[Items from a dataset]
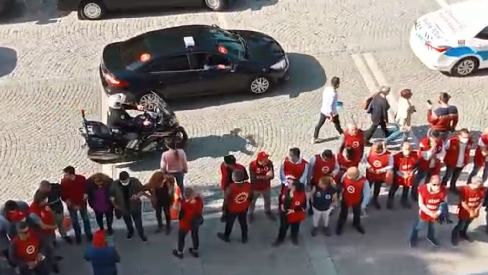 İzmir’de DİSK Genel-İş üyesi işçiler, İçişleri Bakanı Süleyman Soylu’nun konvoyunun geçtiği esnada sırtlarını dönerek alkışlar ve ıslıklar eşliğinde tepki gösterdi
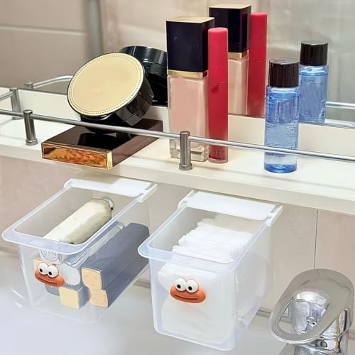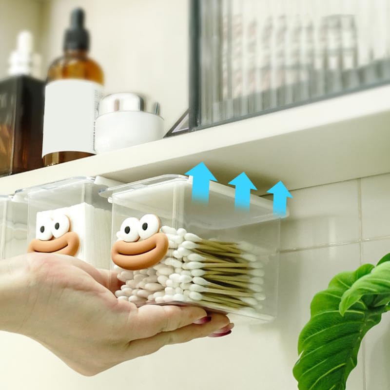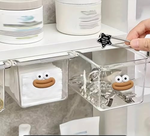 Generic - Clear Storage Box with Lid, Cartoon Face, Acrylic Plastic, 12x8x8cm, 2 Pack Double Face Drawer Organizer
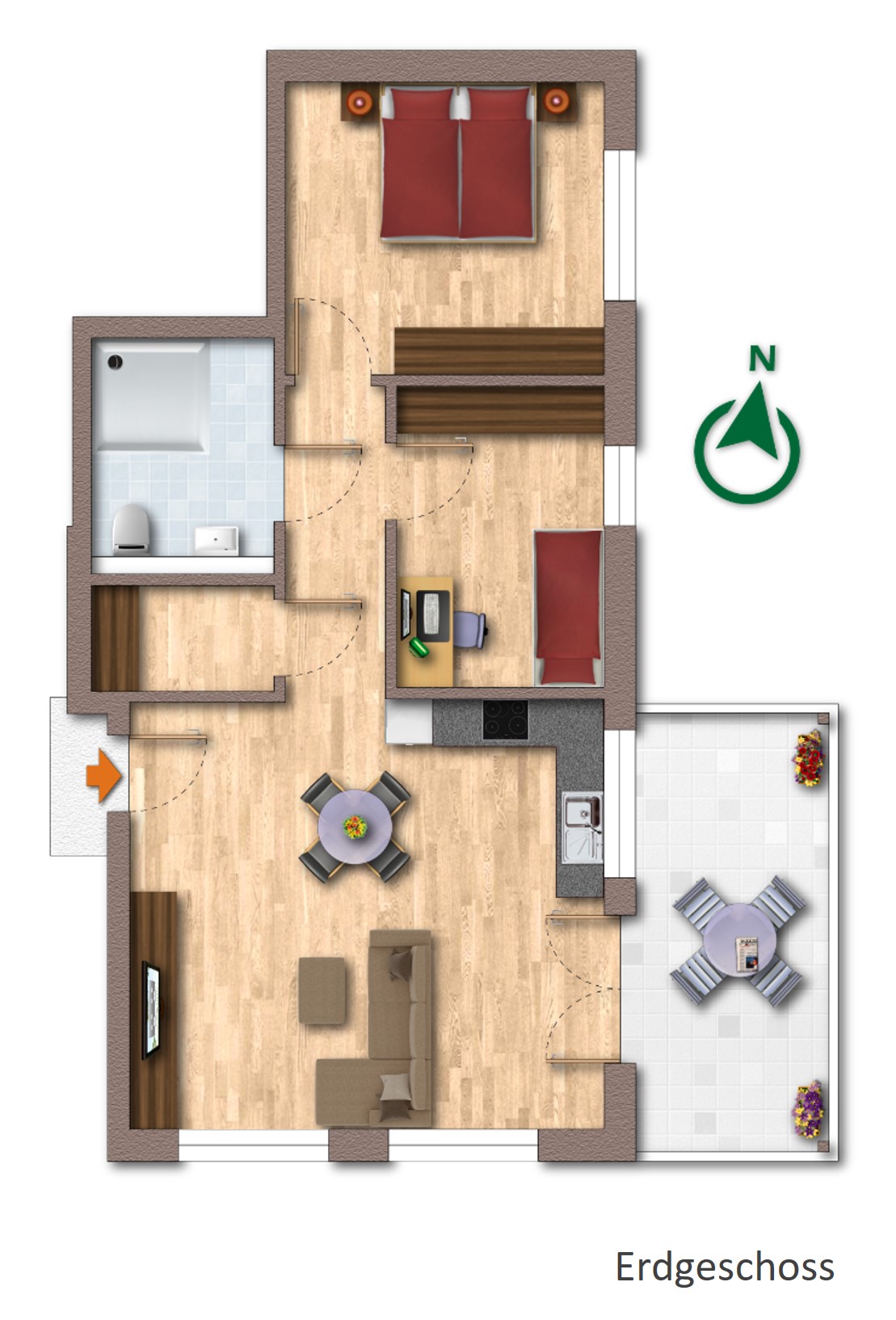 - Terrasse oder Balkon: Ja
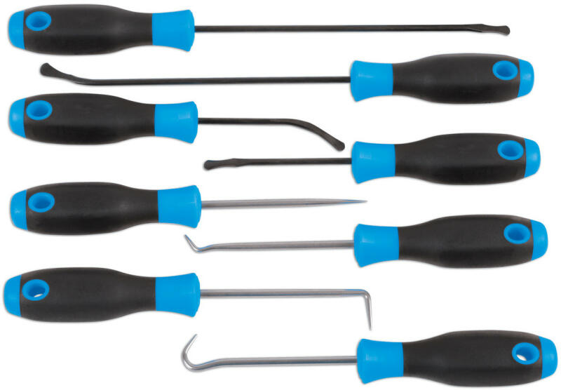 O-gyűrűk sérülésmentes eltávolításához. Gumírozott, puha, műanyag markolat. 8 különböző típus. A markolat végén lyukkal, a könnyebb tárolás érdekében. Tömeg: 1 kg Szín: fekete - kék Anyag: Chrome Vanadium acél
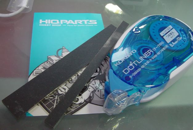 ドットのりで、紙ヤスリを貼り付けて早速実戦投入です。
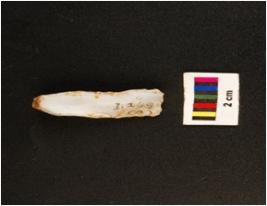 | Description / विवरण | Fragment of a chert blade with working edges and broken at distal end. |
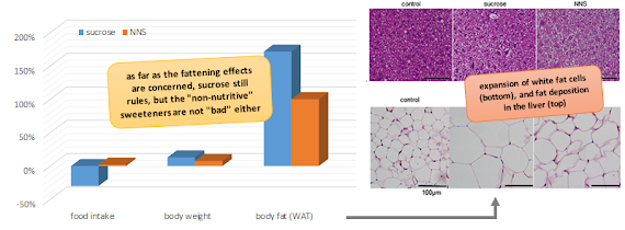 Just to make this clear: This is not the first study to show that artificial sweeteners can have obesogenic effects in rodent models. In contrast to Naismith et al. (1995) and Blundell & Hill (1986) who observed a "pradoxical effects" of artificial sweeteners on the appetite of their lab rodents, the rats in the study at hand did not overeat, though! They also moved about as much as their peers in the control group and still got fat and sick.
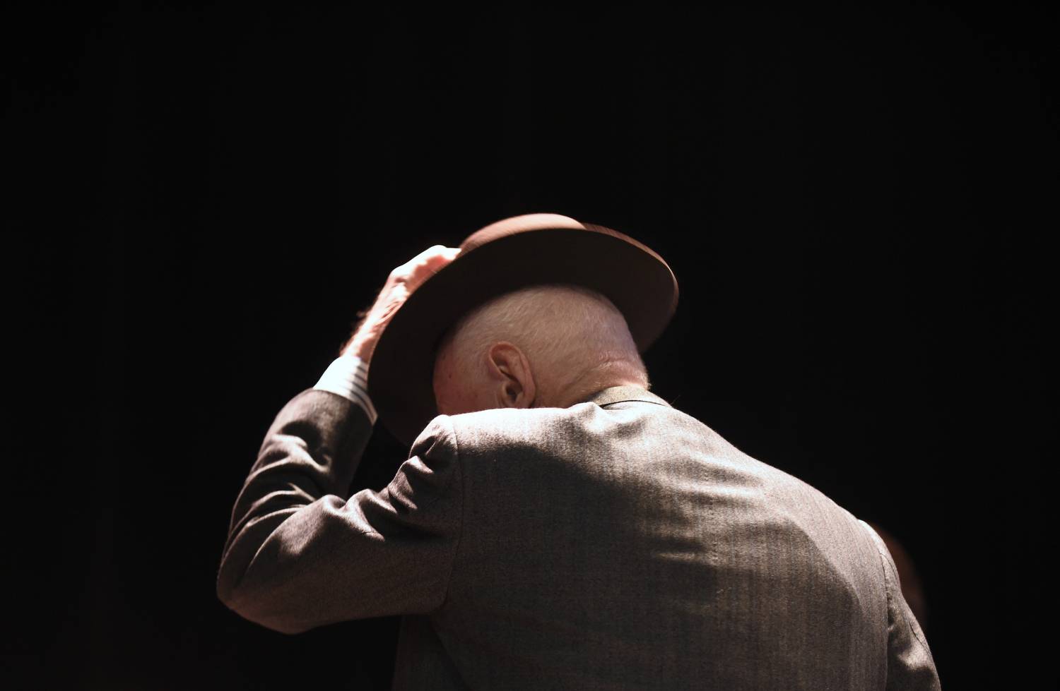 Peter Munk, founder and chairman of Barrick Gold Corporation, puts on his trademark fedora at the conclusion of the company's annual general meeting. It was announced he was stepping down as Chairman.
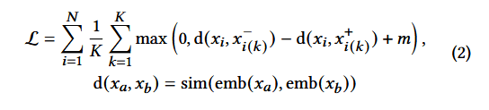 距离d(xa,xb)是通过两个数据的嵌入向量emb(xa)与emb(xb)之间的欧氏距离计算得到的。而函数sim()的作用是计算语义相似度。m是一个超参数,目的是让正样本对更近、负样本对更远,但如果设的太大,就会导致训练困难、容易过拟合。

**Task prompt:** An acceptable answer holds exactly the lines from the one with "ドットのりで、紙ヤスリを貼り付けて早速実戦投入です。" through the end of the entries above, both ends kept, and no pictures at all.

**Answer to the exercise:**
 ドットのりで、紙ヤスリを貼り付けて早速実戦投入です。
 | Description / विवरण | Fragment of a chert blade with working edges and broken at distal end. |
 Just to make this clear: This is not the first study to show that artificial sweeteners can have obesogenic effects in rodent models. In contrast to Naismith et al. (1995) and Blundell & Hill (1986) who observed a "pradoxical effects" of artificial sweeteners on the appetite of their lab rodents, the rats in the study at hand did not overeat, though! They also moved about as much as their peers in the control group and still got fat and sick.
 Peter Munk, founder and chairman of Barrick Gold Corporation, puts on his trademark fedora at the conclusion of the company's annual general meeting. It was announced he was stepping down as Chairman.
 距离d(xa,xb)是通过两个数据的嵌入向量emb(xa)与emb(xb)之间的欧氏距离计算得到的。而函数sim()的作用是计算语义相似度。m是一个超参数,目的是让正样本对更近、负样本对更远,但如果设的太大,就会导致训练困难、容易过拟合。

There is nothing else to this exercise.